(Source information begins)
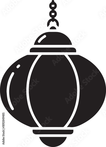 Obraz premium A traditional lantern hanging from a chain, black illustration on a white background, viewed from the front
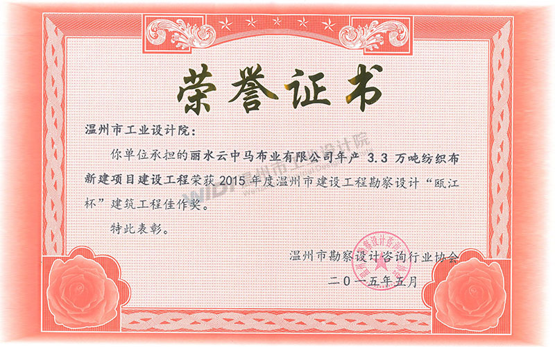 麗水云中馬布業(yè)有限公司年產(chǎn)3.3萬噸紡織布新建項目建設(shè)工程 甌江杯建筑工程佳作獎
(Source information ends)
(Source information begins)
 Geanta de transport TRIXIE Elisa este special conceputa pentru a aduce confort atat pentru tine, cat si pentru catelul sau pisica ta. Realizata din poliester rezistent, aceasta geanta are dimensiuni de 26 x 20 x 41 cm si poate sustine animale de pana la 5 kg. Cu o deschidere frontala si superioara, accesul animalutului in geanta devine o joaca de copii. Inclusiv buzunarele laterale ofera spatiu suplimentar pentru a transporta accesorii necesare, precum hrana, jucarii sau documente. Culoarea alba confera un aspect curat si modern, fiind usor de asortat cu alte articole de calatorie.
(Source information ends)
> [Problem statement]: When you reach the line holding "Obraz premium A" in the listing above, begin retyping exactly, and stop once the line holding "麗水云中馬布業(yè)有限公" is done; pictures stay out.

> [Result]:
 Obraz premium A traditional lantern hanging from a chain, black illustration on a white background, viewed from the front
 麗水云中馬布業(yè)有限公司年產(chǎn)3.3萬噸紡織布新建項目建設(shè)工程 甌江杯建筑工程佳作獎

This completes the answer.